Polda Jatim Minta Imigrasi Cabut Paspor Veronica Koman

polda-jatim-minta-imigrasi-cabut-paspor-veronica-koman Veronica Koman (kanan). (Net)

DIDADAMEDIA, Surabaya - Polda Jawa Timur meminta bantuan Direktorat Jenderal (Ditjen) Imigrasi mencekal dan mencabut paspor tersangka kasus dugaan kabar bohong atau hoaks Asrama Mahasiswa Papua Surabaya hingga berujung kerusuhan di Papua, Veronica Koman yang saat ini berada di luar Indonesia.
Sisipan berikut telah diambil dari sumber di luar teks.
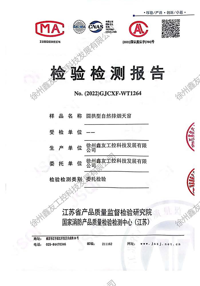 圆拱型电动排烟天窗检测报告190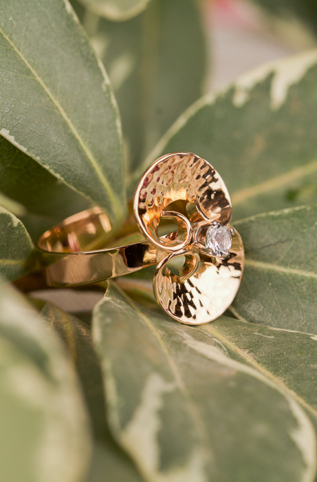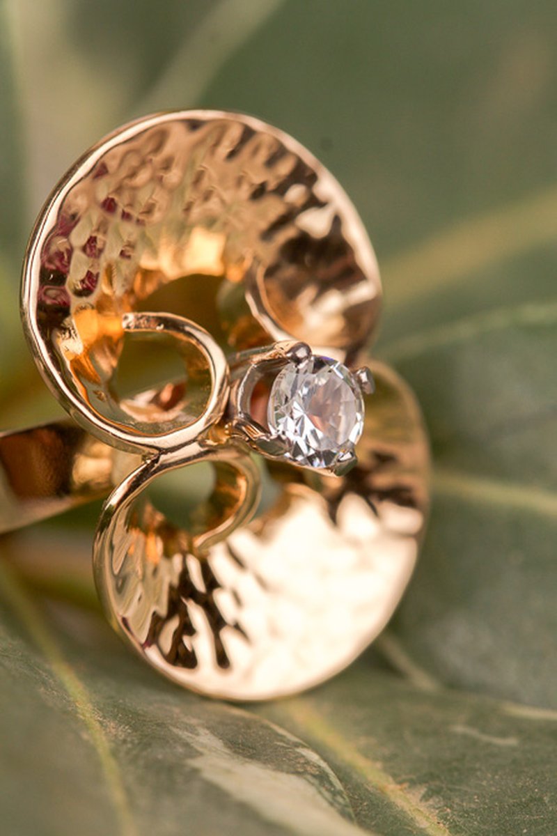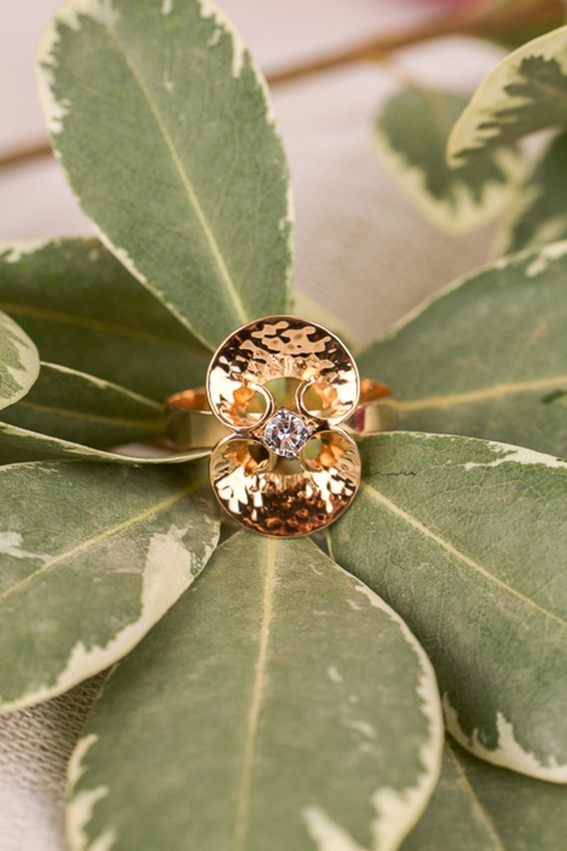 Tillverkad år 1973, underbar ring med hamrade ytor och en vitguldsinfattad vit sten i centrum.

"Kami sudah membuat surat untuk bantuan pencekalan dan pencabutan paspor tersangka atas nama Veronica Koman," ujar Kapolda Jawa Timur (Jatim) Irjen Polisi Luki Hermawan saat konferensi pers di Mapolda setempat, Sabtu (7/9/2019).
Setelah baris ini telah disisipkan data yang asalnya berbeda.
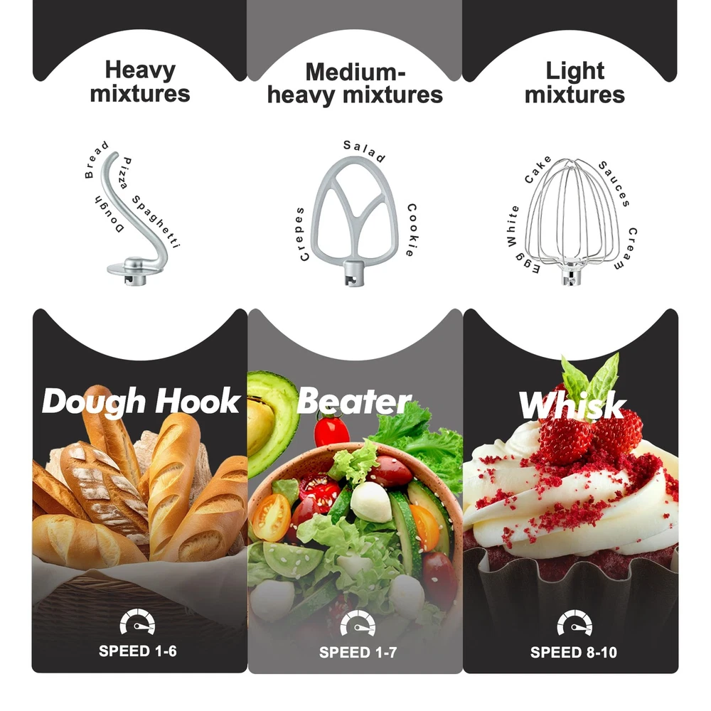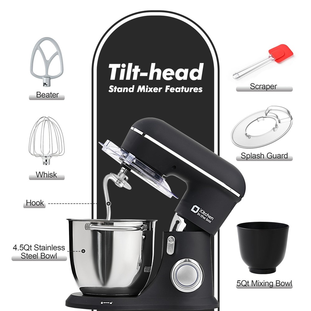 Kitchen in the box two bowls Stand Mixer,a best assistant of your kitchen.Equipped with 4.5Qt Stainless steel bowl and 5QT mixing bowl, suitable for all your family baking need, nested bowl design can easy to storage in the cabinet,such a good helper for space-saving!Otherwise,kitchen mixer has many colors to choose,meet different aesthetic needs. As daily mixer,it is easy to operate and clean up,press the button to turn off the tilt head when mixer running,which is more safer.And transparent anti-splash lid could prevent the ingredient making a mess. This Kitchen Mixer has 10 different speed options,suitable for mixing bread dough, thick batters, meringues, and whipping cream, plus lower speeds for stirring and finessing your most delicate concoctions,could suit perfectly to different ingredients.Chassis 4 stronger suckers,can keep the machine steady and avoid moving or bounce during operation. More importantly,our electric mixer upgraded the multi attachments,aluminium dough hook and flat beater,stainless steel whisk,more sturdy and durable.And dishwasher safe. Feature 4.5Qt stainless steel bowl with dual Handles Extra 5QT plastic mixing bowl Planetary rotations for thorough mixing Transparent anti-splash lid without opening 10 speeds 4 anti-slip suction feet Upgraded aluminium dough hook and flat beater,stainless steel whisk Tilt-up head allows easy removing of bowl Low operation noise Parameter: 120V 60Hz 450W regular, 660W Max Package include: Machine unit Mixing beater Egg whisk Dough hook Scraping rod Anti-splash lidachine unit Mixing beater Egg whisk Dough hook Scraping rod Anti-splash lid Elegant Designed And Matte Finish - The electric mixer with modern design look and unique matte finish, not only work well but also look well. Nested bowls design for space-saving Perfectly suitable for various of your household baking need. And multiple colors to choose,meet a variety of aesthetic needs for your kitchen. Two Mixing Bowls- Our Stand mixer equipped with 4.5QT stainless steel bowl and 5QT extra food safe plastic mixing bowls, perfect for a variety of mixing and baking needs. Special Nesting design for nest two bowls together and offer space-efficient storage. 10 Speeds and Tilt Head Design - This Kitchen mixer has 10 different speed options,suitable for mixing bread dough, thick batters, meringues, and whipping cake cream, plus lower speeds for stirring and finessing your most delicate concoctions,could suit perfectly to different ingredients. Tilt-head design mixer allows access to install or uninstall bowls and accessories easily. Upgraded Accessories and Dishwasher Safe- Aluminium dough hook and flat beater with protection layer,stainless steel whisk are all easy to attach,more sturdy and durable. All of the attachments for the food mixer are dishwasher-safe for quick and easy cleaning. Excellent Gift and Support - The electric stand mixer is also an ideal gift for your family and friends. We have confidence in the quality of our products, if you have any questions when received or during your using, please feel free to contact us via Amazon. We provide 24/7 online after-sales service for you.

Ia menyatakan telah melayangkan surat pemanggilan kepada tersangka atas nama Veronica Koman ke dua alamat yang ada di Indonesia, yaitu di Jakarta Barat dan Jakarta Selatan.

Polda Jatim juga bekerjasama Divisi Hubungan Internasional (Divhubinter) Mabes Polri guna mengonfirmasi keberadaan kuasa hukum Komite Nasional Papua Barat (KNPB) yang diduga saat ini berada di salah satu negara tetangga Indonesia.

"Veronica sekarang tinggal dengan suaminya di negara itu. Suaminya merupakan warga negara asing yang juga penggiat LSM (lembaga swadaya masyarakat)," katanya.

Dari pengembangan penyelidikan, Polda Jatim berhasil melacak dua nomor rekening Veronica Koman baik yang ada di Indonesia maupun di luar negeri.

"Kami sudah bekerjasama dengan Kementerian Luar Negeri dan Imigrasi terkait dengan rekening tersebut, karena yang bersangkutan mendapat beasiswa dari negara kita dan sekolah mengambil S2 bidang hukum," katanya.

Selain itu, Polda Jatim juga menjalin kerja sama dengan Tim Siber Bareskrim Mabes Polri dan berkoordinasi dengan Badan Intelijen Negara (BIN) untuk sesegera mungkin memulangkan Veronica Koman.

"Karena tersangka ini (Veronica Koman) menjadi target utama di Jatim bisa mengungkap terkait kasus yang ada di Asrama Mahasiswa Papua di Surabaya," katanya.

Sebagai tersangka, polisi telah menjerat Veronica dengan pasal berlapis, yakni UU ITE KUHP Pasal 160 KUHP, kemudian UU Nomor 1 Tahun 1946 dan UU Nomor 40 tahun 2008 tentang Penghapusan Suku, Etnis dan Ras.